Given his dozen years on the D.C. Circuit, Kavanaugh surely has some thoughts on how to balance the competing concerns of Article III. On one hand, no one wants an ineffective and feeble judiciary, deferential to the other branches of government. Yet, on the other hand, no one wants an activist judiciary, exercising powers that the Constitution reserves for Congress, the executive branch, or the states.
If Kavanaugh has the fortune and dexterity to successfully navigate the confirmation gauntlet, he’ll have an opportunity to consider the proper scope of the judicial role in his first term on the Supreme Court. In April, the court granted CEI’s petition for review in Frank v. Gaos and CEI filed its opening brief over the summer. Several cogent amicus briefs in support of CEI, including a bipartisan coalition of 19 state attorneys general, raise broad and fundamental questions about the “cy pres” project in which many plaintiffs’ attorneys have been enlisting the federal judiciary.
In rough sketch, the cy pres project calls upon courts to endorse giving class members’ money to unrelated organizations favored by the class’s attorneys. But more than that, it forces courts to act as grant-making legislative institutions, a role outside their jurisdiction and competence. The briefs from the Center for Constitutional Jurisprudence and the Atlantic Legal Foundation, and Lawyers for Civil Justice highlight this issue, with CCJ noting how cy pres converts a bilateral dispute between plaintiffs and defendant into a trilateral affair where a non-injured organization winds up with the money. In many cases it’s more like converting the case into a multi-headed hydra with multiple organizations all jockeying for the class members’ coveted settlement funds.

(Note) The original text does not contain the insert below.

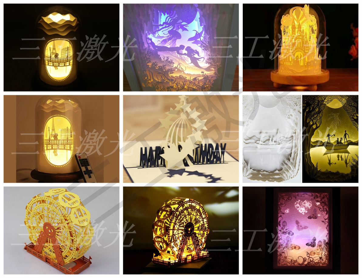 紙本來是極為樸素的媒介,然而讓人驚訝的是,加上光與影的結(jié)合,居然呈現(xiàn)出這樣神秘而夢(mèng)幻的畫面。光影紙雕燈將中國(guó)傳統(tǒng)元素的剪紙與皮影,以及現(xiàn)代的審美與設(shè)計(jì),巧妙又和諧的融合在一起了。而3D紙雕燈,更是在傳統(tǒng)2D紙雕燈的基礎(chǔ)上進(jìn)行了突破,通過層疊的紙雕圖案,讓原本樸素的紙張,在光影之下,呈現(xiàn)出神秘而又夢(mèng)幻的畫面。很多人熱衷于采用手工制作的方式來之多紙雕燈,優(yōu)點(diǎn)在于自己動(dòng)手,可以體驗(yàn)制作的樂趣,成品也顯得很有意義,缺點(diǎn)在于制作費(fèi)時(shí)費(fèi)力,而且圖案要求制作的很精細(xì)。那么對(duì)于大批量的生產(chǎn)來講,必定要穩(wěn)定性好,效率高的機(jī)器才能滿足生產(chǎn)需求!而光影紙雕燈激光鏤空機(jī)既是這樣一個(gè)存在。

Judge Kavanaugh’s former colleague on the D.C. Circuit Court of Appeals, Judge Janice Rogers Brown expressed similar views on the unconstitutionality of permitting judges to act as philanthropic foundations. She wrote, “A court risks violating Article III justiciability requirements should it adjudicate disputes between cy pres recipients and would-be recipients, as none would possess an injury in fact. In this trilateral process, there is no neutral, adjudicative standard by which a court can determine” who should get the money.
Kavanaugh did not sit on that case so his views remain unknown, but by the end of his first term we may know whether he agrees with Judge Brown’s view or whether judges should act as legislative grant makers.